ただ、熊本市内では後発なので、最初はなかなか上手くいかず厳しかったですね。そんな状況下でも会社からは何も言われなかったことが、ありがたかったです。新規事業の難しさを社長が理解してくれていたんだと思います。
事業が軌道に乗りつつある今、「もっとスピード感を出してがんばれ!」と叱咤激励されています。サービスの内容と料金の手頃さには自信があるので、最近は知名度も上がり、さらなる事業拡大に手応えを感じています。
生活面の変化はありましたか?
会社から車で10分ほどの場所に住んでいます。一番大きな変化は、家族との時間が増えたことですね。今の会社は基本的に「残業はしない」という方針なので、18時くらいには帰宅できています。家族と一緒の夕食、子供のおむつ替えから、お風呂、洗濯、皿洗いまで、家事も手伝えますので妻の機嫌もすこぶる良いです(笑)。
自営の頃は24時間体制で仕事をしていたので、余裕がありませんでしたね。自宅で仕事をしていましたが、今のほうが家族に目を向けることができていますし、時間を大切に使うことができています。
困ったことや課題はありますか?
自営の頃は自由に寝て、起きて、という生活だったので(笑)、会社勤めを再開した当初は慣れるまで大変でしたね。でも今はおかげで生活リズムが整って、健康的な生活になったと思います。
転職してよかったと思うことは?
経済的にだけでなく、精神的にも安定しました。自営の頃は収入にかなり波があったので、「このまま結婚して、生活していけるだろうか?」と、つねに不安とプレッシャーを感じていました。今は、仕事だけに集中ができるようになりました。
収入面は、安定しただけでなく自営の時よりも上がったと思います。給料をもらいながら、自由度の高いスタイルで仕事をできるのは、すごくありがたいですね。将来の見通しも明るくなり、妻も安心したようです。口には出しませんが、私の転職を一番喜んでくれているのは妻かもしれません。
転職を考えている人にアドバイスをお願いします。
私は何度も転職しました。会社は自己実現の場だと考えています。「逃げ」のための転職はよくないかもしれないけれど、自分をうまく表現できる会社を探すことや、自分が幸せになるための転職は、「あり」だと思います。
また、私は自分の直感を大切にして会社を選んできました。ネット上には口コミも含め、いろいろな情報が載っています。しかし、それらを気にしすぎても本質がつかめません。大事なのは、会ってみて、話してみて、自分がどう感じるか、その会社で働いているイメージがわくかどうか、だと思います。
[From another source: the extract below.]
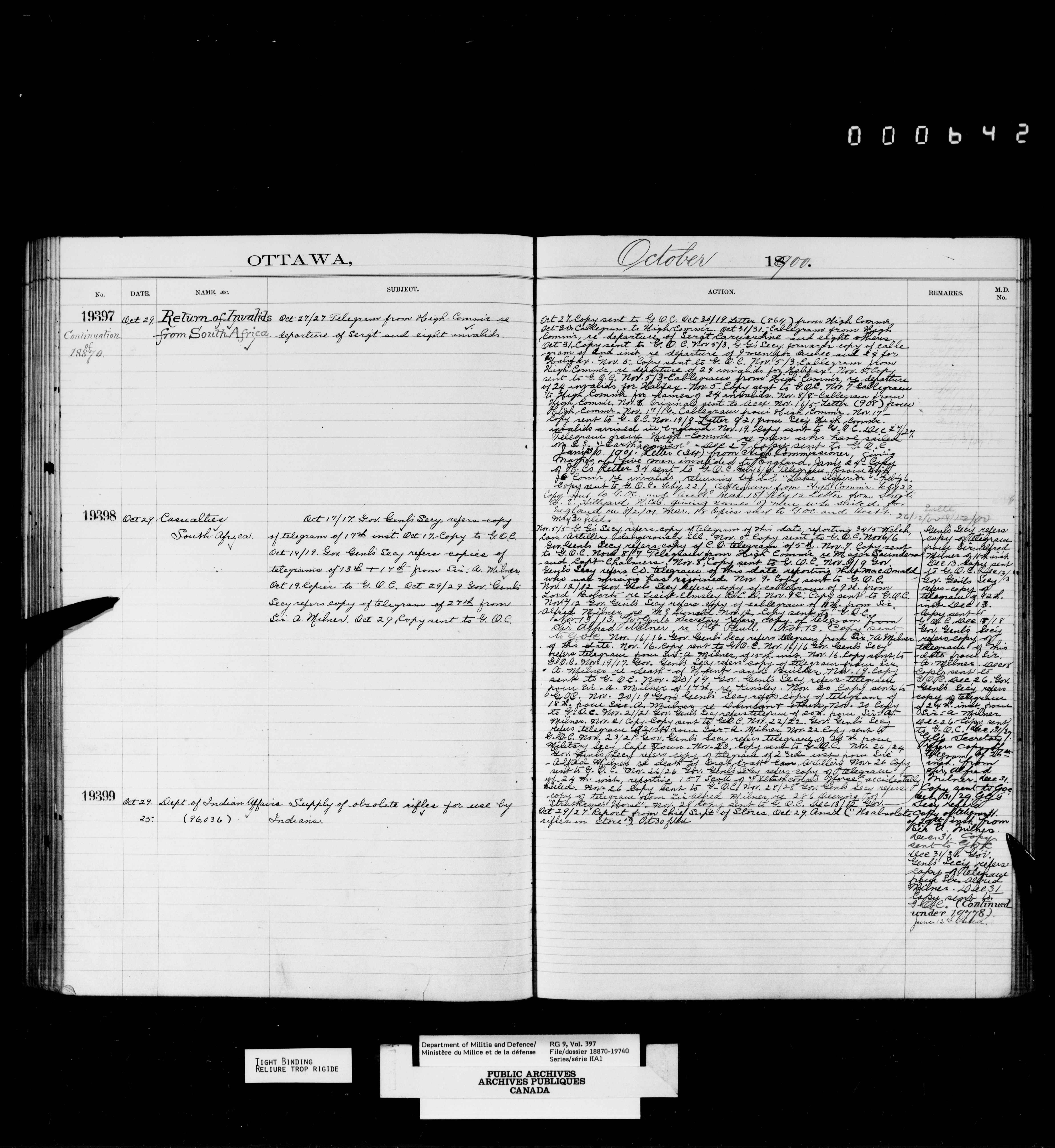 Department of Militia and Defence : Register of correspondence of the Deputy Minister's office, 1897-1901 - 4180

また、今回はリージョナルキャリア熊本を利用しましたが、相談して本当に良かったと思います。とても親身になって話を聞いてくれましたし、自分に合った企業を提案してくれました。私の代理人として企業側と交渉もしてくれましたし、とてもありがたかったです。
世の中にはいろいろな転職支援会社があります。電話やメールだけで済まそうとしたり、対応はさまざまです。そういう中で信頼できる会社を見分けるためにも、とにかく「話してみる」ことが大事だと私は思います。一生のことだからこそ、労を惜しまず、じっくり話をしてみれば、信頼できる相手かどうか見えてくると思いますよ。